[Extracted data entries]
════════════════════

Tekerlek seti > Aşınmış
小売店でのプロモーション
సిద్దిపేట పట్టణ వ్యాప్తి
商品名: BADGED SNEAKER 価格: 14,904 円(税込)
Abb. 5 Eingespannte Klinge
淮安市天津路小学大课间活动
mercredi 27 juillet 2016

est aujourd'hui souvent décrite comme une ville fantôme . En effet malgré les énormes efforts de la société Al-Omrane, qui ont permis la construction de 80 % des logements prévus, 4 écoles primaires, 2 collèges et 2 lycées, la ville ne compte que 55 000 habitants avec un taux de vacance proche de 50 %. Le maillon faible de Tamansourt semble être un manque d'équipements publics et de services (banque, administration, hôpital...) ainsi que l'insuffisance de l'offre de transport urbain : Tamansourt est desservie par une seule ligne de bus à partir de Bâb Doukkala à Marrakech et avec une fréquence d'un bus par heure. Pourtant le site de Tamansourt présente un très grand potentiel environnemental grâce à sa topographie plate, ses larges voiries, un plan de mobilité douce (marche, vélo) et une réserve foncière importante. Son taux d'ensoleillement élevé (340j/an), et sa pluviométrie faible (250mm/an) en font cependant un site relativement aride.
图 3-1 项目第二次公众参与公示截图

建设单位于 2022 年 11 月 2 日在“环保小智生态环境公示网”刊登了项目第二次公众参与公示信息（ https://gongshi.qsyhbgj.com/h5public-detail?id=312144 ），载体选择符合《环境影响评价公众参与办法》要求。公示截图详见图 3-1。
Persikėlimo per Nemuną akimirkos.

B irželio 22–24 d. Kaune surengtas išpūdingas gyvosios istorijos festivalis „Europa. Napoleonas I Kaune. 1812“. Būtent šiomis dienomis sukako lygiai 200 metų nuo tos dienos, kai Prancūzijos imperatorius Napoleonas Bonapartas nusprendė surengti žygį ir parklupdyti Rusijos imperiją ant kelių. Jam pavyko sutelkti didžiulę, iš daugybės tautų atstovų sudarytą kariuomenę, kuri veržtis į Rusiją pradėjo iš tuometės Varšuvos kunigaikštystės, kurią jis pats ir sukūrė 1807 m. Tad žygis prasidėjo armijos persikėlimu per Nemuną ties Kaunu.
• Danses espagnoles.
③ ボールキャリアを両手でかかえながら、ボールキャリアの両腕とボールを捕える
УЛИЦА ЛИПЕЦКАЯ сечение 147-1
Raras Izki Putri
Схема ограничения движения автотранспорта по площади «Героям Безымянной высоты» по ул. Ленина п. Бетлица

════════════════════

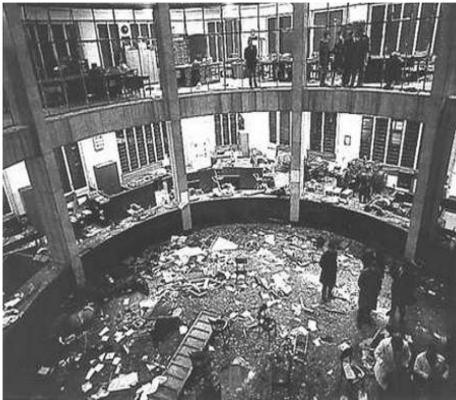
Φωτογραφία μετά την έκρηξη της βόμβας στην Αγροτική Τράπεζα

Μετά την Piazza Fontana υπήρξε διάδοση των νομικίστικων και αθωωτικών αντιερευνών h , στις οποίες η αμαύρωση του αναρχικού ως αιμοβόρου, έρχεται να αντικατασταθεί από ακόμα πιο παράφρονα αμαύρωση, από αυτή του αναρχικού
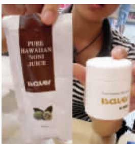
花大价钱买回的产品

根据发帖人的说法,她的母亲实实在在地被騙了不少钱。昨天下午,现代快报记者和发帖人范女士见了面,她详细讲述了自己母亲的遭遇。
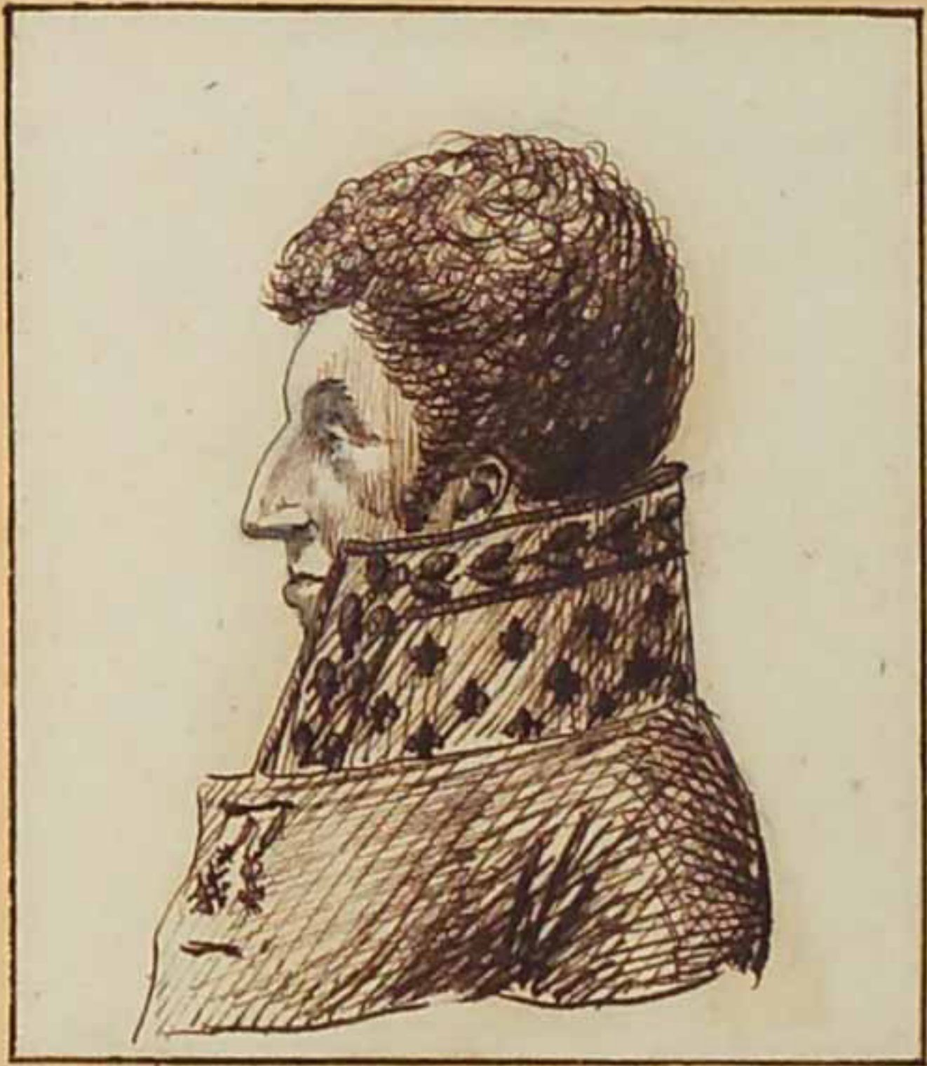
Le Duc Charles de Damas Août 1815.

════════════════════

# Your objective
Copy word for word the stretch of entries above from the line that has "Tekerlek seti > Aşınmış" through the line that has "图 3-1 项目第二次公众参与公示截图", both ends included, and nothing outside it.

# Response for this exercise
Tekerlek seti > Aşınmış
小売店でのプロモーション
సిద్దిపేట పట్టణ వ్యాప్తి
商品名: BADGED SNEAKER 価格: 14,904 円(税込)
Abb. 5 Eingespannte Klinge
淮安市天津路小学大课间活动
mercredi 27 juillet 2016

est aujourd'hui souvent décrite comme une ville fantôme . En effet malgré les énormes efforts de la société Al-Omrane, qui ont permis la construction de 80 % des logements prévus, 4 écoles primaires, 2 collèges et 2 lycées, la ville ne compte que 55 000 habitants avec un taux de vacance proche de 50 %. Le maillon faible de Tamansourt semble être un manque d'équipements publics et de services (banque, administration, hôpital...) ainsi que l'insuffisance de l'offre de transport urbain : Tamansourt est desservie par une seule ligne de bus à partir de Bâb Doukkala à Marrakech et avec une fréquence d'un bus par heure. Pourtant le site de Tamansourt présente un très grand potentiel environnemental grâce à sa topographie plate, ses larges voiries, un plan de mobilité douce (marche, vélo) et une réserve foncière importante. Son taux d'ensoleillement élevé (340j/an), et sa pluviométrie faible (250mm/an) en font cependant un site relativement aride.
图 3-1 项目第二次公众参与公示截图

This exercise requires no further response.